Abstract
Closing wage differentials between the minimum and the maximum, floor and ceiling, has yet to reverse unfair gendered wage differentials. This chapter, on Sexist wages first divides the inequalities faced by women into (i) vertical and (ii) horizontal, meaning between women being (i) under-represented in the better-waged jobs and over-represented in the poorer-waged ones; plus (ii) waged unequally when doing the self-same job as men. The chapter unpacks the possible reasons for both forms of wage inequality, from human capital to sexism. Sexism wins, hands down. Stereotypes of both gender and jobs stubbornly strain the wage-wellbeing relationship for women. Effective and promising remedies for shifting sexist mindsets are not primarily ‘psychological,’ or psychologised. Instead, they include organisational levers like quotas for (i) vertical wage equality, and living wage policies for (ii) horizontal wage equality.

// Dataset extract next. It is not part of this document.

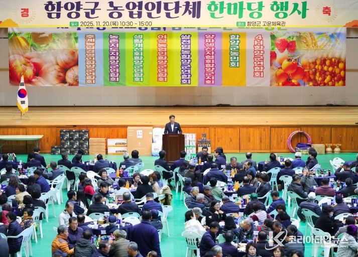 코리아타임뉴스 오영주 기자 | 함양군은 11월 20일 고운체육관에서 ‘2025년 함양군 농업인단체 한마당 행사’를 성황리에 개최했다고 밝혔다.
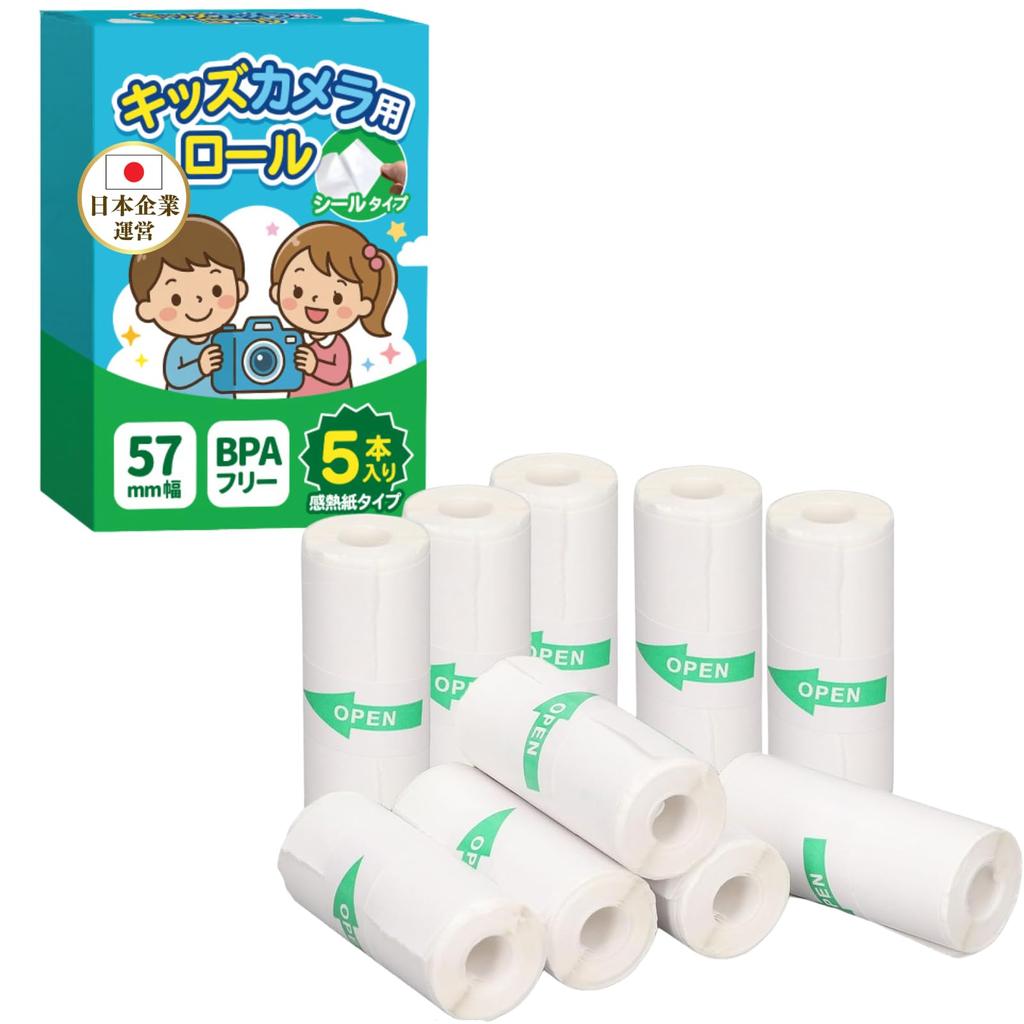 This is a 57 x 25 mm thermal roll paper set compatible with kids' cameras. Because it's a self-adhesive type, you can stick it wherever you like after printing. This replacement thermal roll is compatible with a wide range of models, including 57 mm wide instant cameras and photo printers for children. It uses high-quality thermal paper for crisp, clear prints. The large capacity allows for plenty of use, making it ideal for recording everyday memories and playtime. As it's a compatible type, you can use it with peace of mind while keeping costs down.

I’ve always said that I thought equal pay gets you a long way to be treated equally by a man. (Actor Dame Diana Rigg, speaking to BBC Newsnight ahead of the Women of the World Festival at London’s Southbank Centre, 2019)
Productive employment and decent work are key elements to achieving a fair globalization and poverty reduction. The ILO has developed an agenda for the community of work looking at job creation, rights at work, social protection and social dialogue, with gender equality as a cross-cutting objective. (ILO, 2021b, p. 1, emphasis added)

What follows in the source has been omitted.